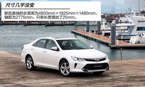 轮距层面并没什么转变,在规格层面唯一转变的便是长短了,但是这也是由于保险杆的转变造成的,并并不是延长了车体这类的。新凯美瑞的尺寸为4850毫米×1825毫米×1480Mm,轮距为2775毫米。
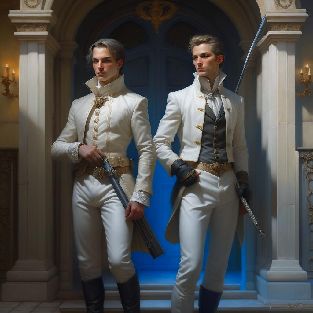 Нейросеть сделала привратников в виде каких-то киллеров-телохранителей.
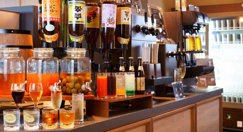 夕食時、地産地消のお料理と豊富なメニューのアルコール飲み放題付きです。
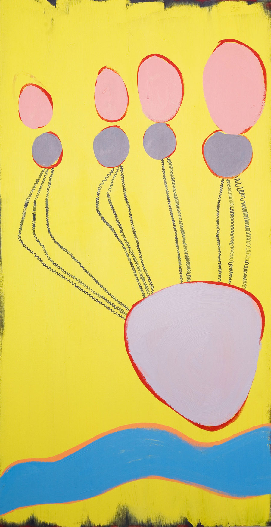 The domestic narrative paintings are drawn from specific scenes I’ve witnessed in both my own and friend’s families. The horror and humor of domestic life is revealed as abstracted organic shapes, meant to represent specific characters engaged in a larger narrative. The title hints at a possible story for the viewer to imagine.
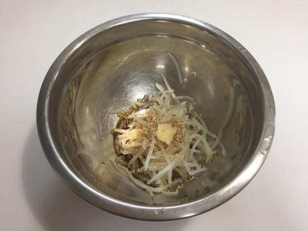 ボールにもやしを入れて、そこに先ほどの調味料を順々に入れていきます。
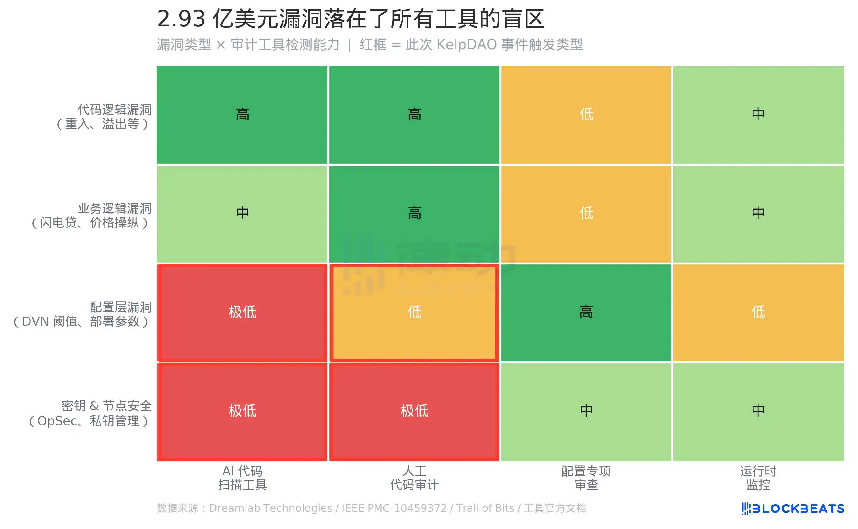 Also in the red zone are key and node security. @0xQuit's description mentioned the DVN node being "compromised," which falls under operational security (OpSec), beyond the detection boundaries of any static analysis tool. Neither any first-tier auditing firm nor AI scanning tools have the ability to predict whether a node operator's private key will be leaked.
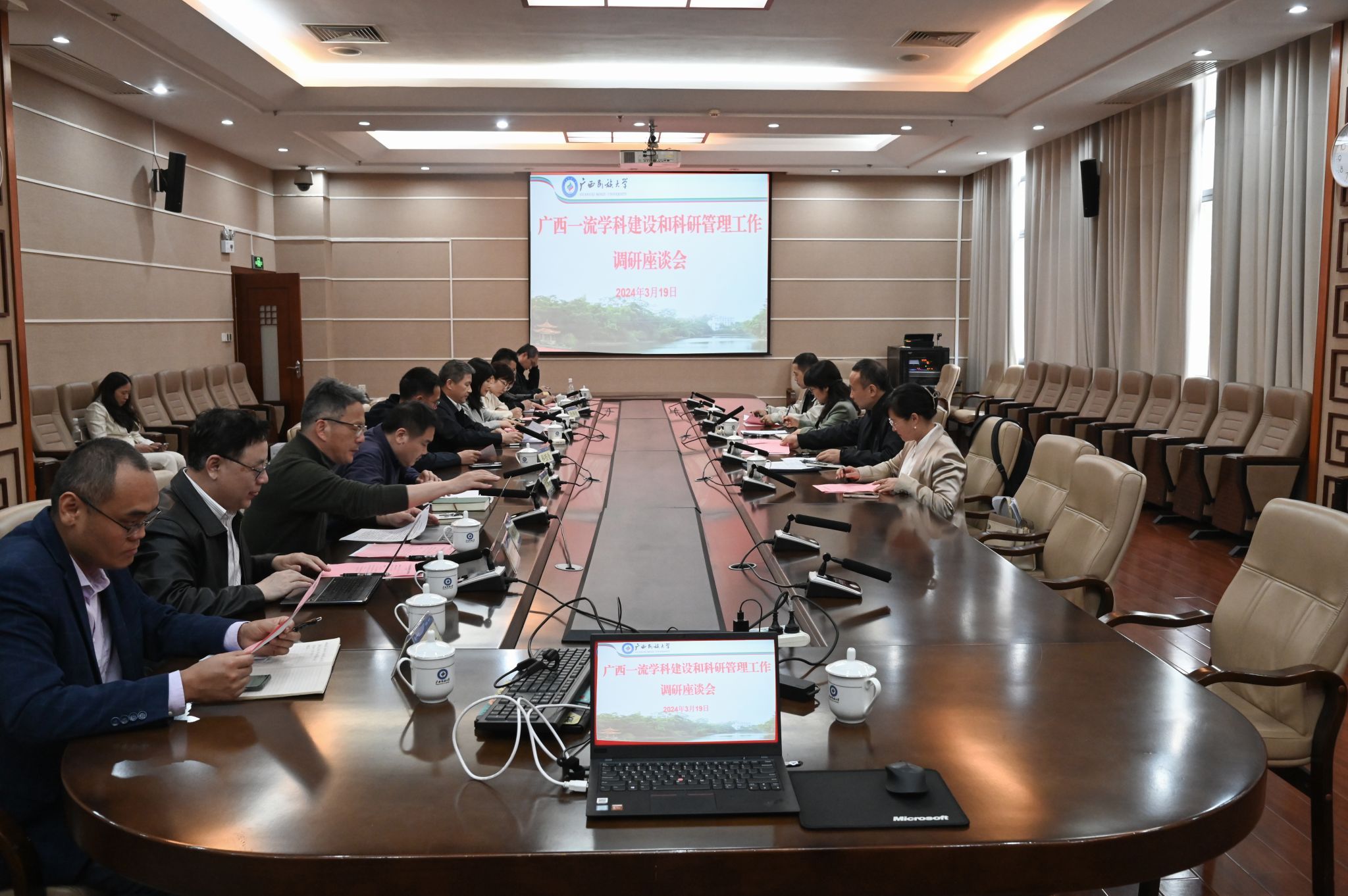 六、3月19日下午,自治区教育厅副厅长赵玉芳率队到我校调研。学校党委常委、副校长吕俊彪,发展规划处、科学技术处、社会科学处、财务处等有关单位负责人,新一轮广西一流学科带头人、牵头建设学院负责人参加调研座谈会。

▶ TASK OBJECTIVE:
Above are the records; give them all again exactly, apart from the pictures.

▶ EXERCISE RESULT:
 轮距层面并没什么转变,在规格层面唯一转变的便是长短了,但是这也是由于保险杆的转变造成的,并并不是延长了车体这类的。新凯美瑞的尺寸为4850毫米×1825毫米×1480Mm,轮距为2775毫米。
 Нейросеть сделала привратников в виде каких-то киллеров-телохранителей.
 夕食時、地産地消のお料理と豊富なメニューのアルコール飲み放題付きです。
 The domestic narrative paintings are drawn from specific scenes I’ve witnessed in both my own and friend’s families. The horror and humor of domestic life is revealed as abstracted organic shapes, meant to represent specific characters engaged in a larger narrative. The title hints at a possible story for the viewer to imagine.
 ボールにもやしを入れて、そこに先ほどの調味料を順々に入れていきます。
 Also in the red zone are key and node security. @0xQuit's description mentioned the DVN node being "compromised," which falls under operational security (OpSec), beyond the detection boundaries of any static analysis tool. Neither any first-tier auditing firm nor AI scanning tools have the ability to predict whether a node operator's private key will be leaked.
 六、3月19日下午,自治区教育厅副厅长赵玉芳率队到我校调研。学校党委常委、副校长吕俊彪,发展规划处、科学技术处、社会科学处、财务处等有关单位负责人,新一轮广西一流学科带头人、牵头建设学院负责人参加调研座谈会。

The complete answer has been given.